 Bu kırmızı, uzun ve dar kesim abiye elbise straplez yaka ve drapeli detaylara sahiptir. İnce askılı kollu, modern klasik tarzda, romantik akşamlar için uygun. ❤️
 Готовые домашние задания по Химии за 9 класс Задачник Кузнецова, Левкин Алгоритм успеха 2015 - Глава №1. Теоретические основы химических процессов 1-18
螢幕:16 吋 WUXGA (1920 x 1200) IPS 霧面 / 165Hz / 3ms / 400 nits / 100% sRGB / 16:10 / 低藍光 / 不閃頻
§ §
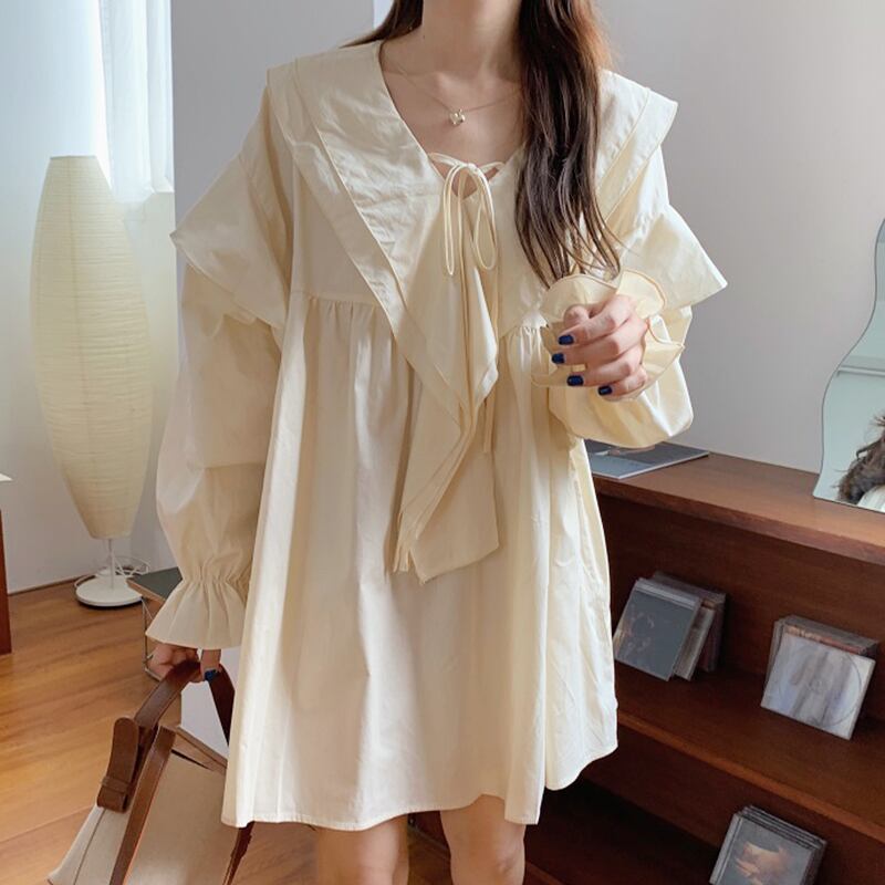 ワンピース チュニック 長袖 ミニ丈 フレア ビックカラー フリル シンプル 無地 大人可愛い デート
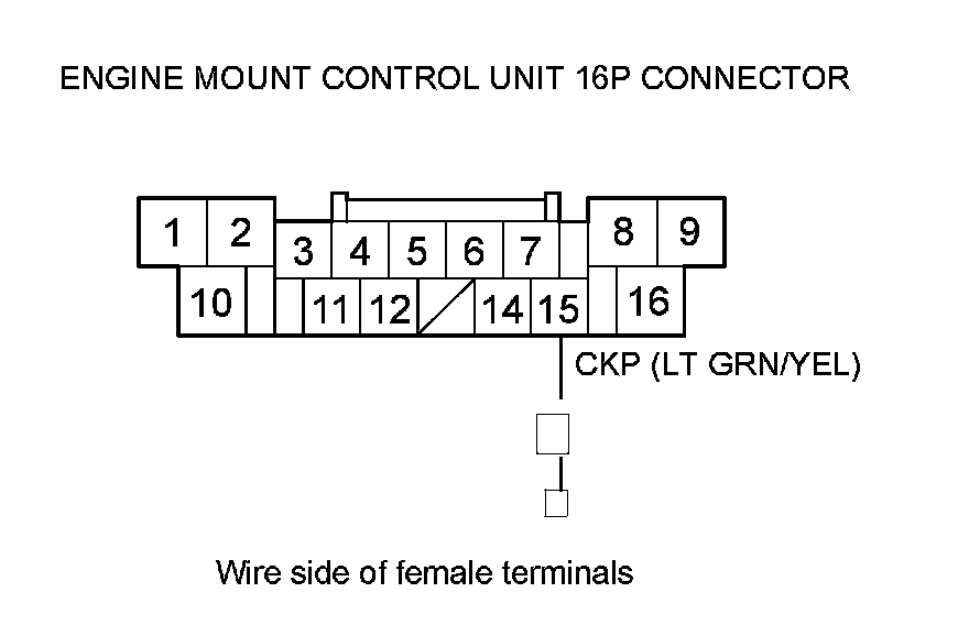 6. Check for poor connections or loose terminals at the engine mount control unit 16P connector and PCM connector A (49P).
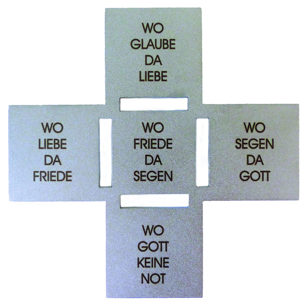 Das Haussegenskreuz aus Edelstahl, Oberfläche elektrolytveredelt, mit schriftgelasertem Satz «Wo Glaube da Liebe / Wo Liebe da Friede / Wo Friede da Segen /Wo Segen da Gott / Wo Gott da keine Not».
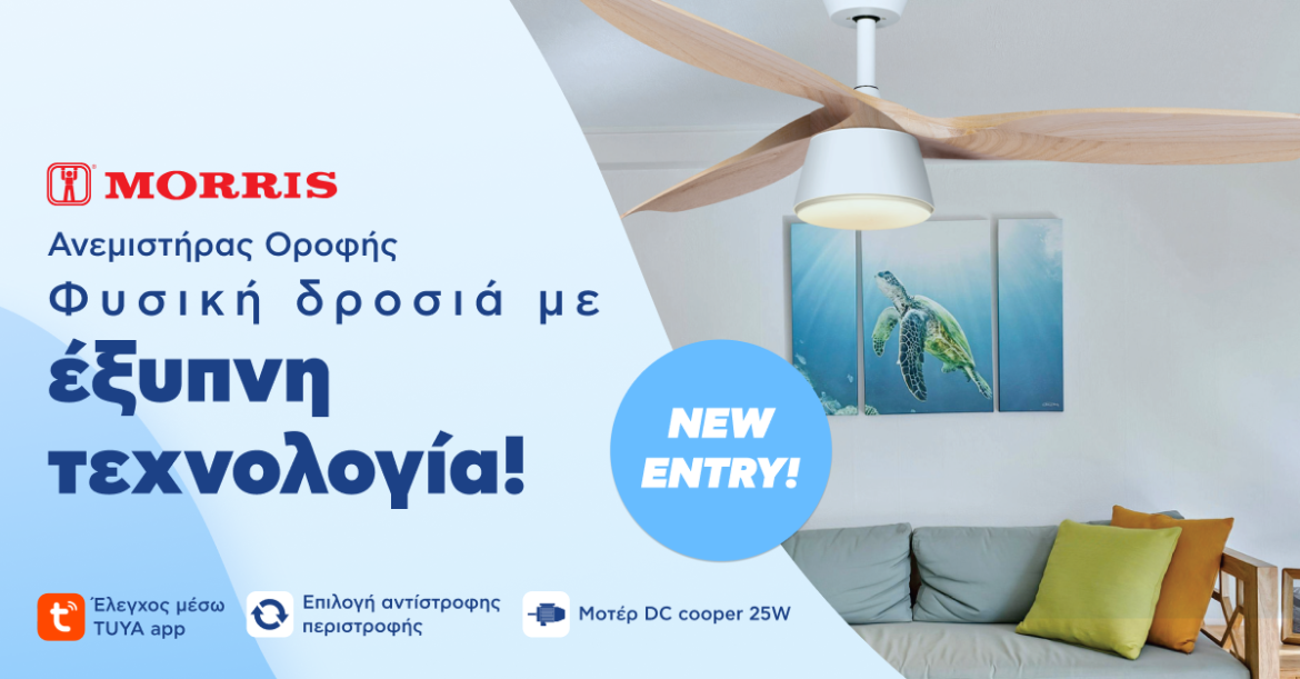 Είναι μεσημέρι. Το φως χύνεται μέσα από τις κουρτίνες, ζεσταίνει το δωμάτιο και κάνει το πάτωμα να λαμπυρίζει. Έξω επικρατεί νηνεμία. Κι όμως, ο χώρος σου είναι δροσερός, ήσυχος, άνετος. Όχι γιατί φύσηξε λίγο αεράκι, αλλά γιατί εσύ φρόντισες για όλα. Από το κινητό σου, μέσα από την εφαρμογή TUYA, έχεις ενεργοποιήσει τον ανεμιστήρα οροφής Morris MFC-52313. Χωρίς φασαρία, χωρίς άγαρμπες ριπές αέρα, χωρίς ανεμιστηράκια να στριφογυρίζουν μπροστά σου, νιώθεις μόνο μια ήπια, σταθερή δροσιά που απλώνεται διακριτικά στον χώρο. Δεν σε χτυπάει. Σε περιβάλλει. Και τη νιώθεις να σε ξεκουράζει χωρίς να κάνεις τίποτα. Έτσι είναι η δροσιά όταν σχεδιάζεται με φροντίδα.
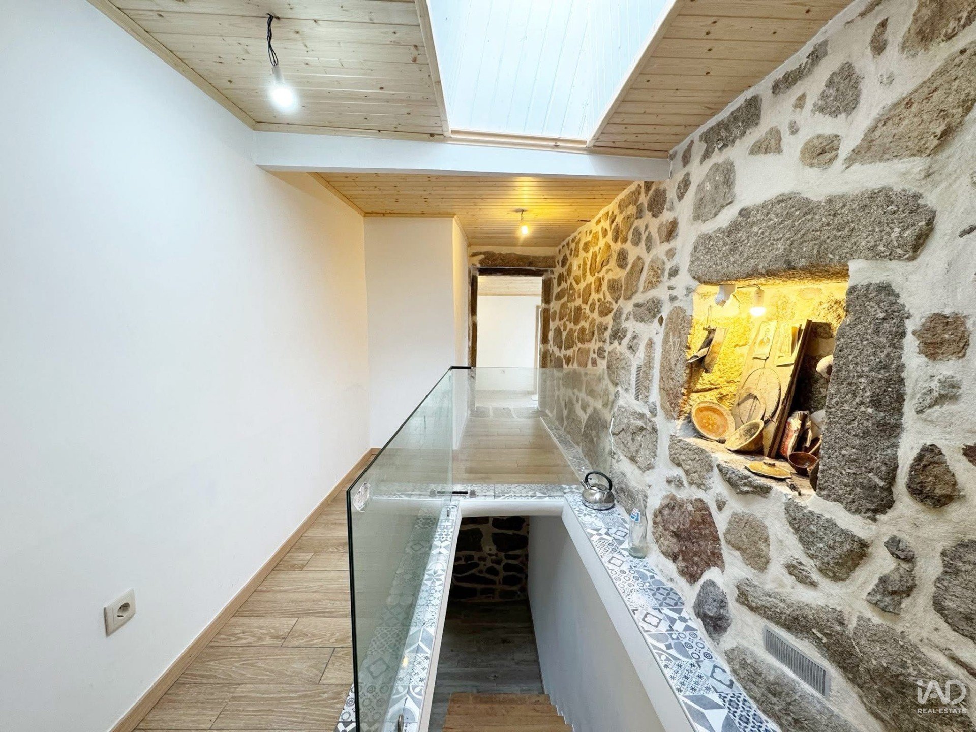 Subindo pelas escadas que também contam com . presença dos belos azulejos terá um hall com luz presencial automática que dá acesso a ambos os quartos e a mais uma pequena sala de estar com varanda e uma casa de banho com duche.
§ §
[Problem description]:
Would you retype exactly the lines above, from the line with "Bu kırmızı, uzun" to the line with "螢幕:16 吋 WUXGA", with both end lines kept and nothing more?

[Result for this task]:
 Bu kırmızı, uzun ve dar kesim abiye elbise straplez yaka ve drapeli detaylara sahiptir. İnce askılı kollu, modern klasik tarzda, romantik akşamlar için uygun. ❤️
 Готовые домашние задания по Химии за 9 класс Задачник Кузнецова, Левкин Алгоритм успеха 2015 - Глава №1. Теоретические основы химических процессов 1-18
螢幕:16 吋 WUXGA (1920 x 1200) IPS 霧面 / 165Hz / 3ms / 400 nits / 100% sRGB / 16:10 / 低藍光 / 不閃頻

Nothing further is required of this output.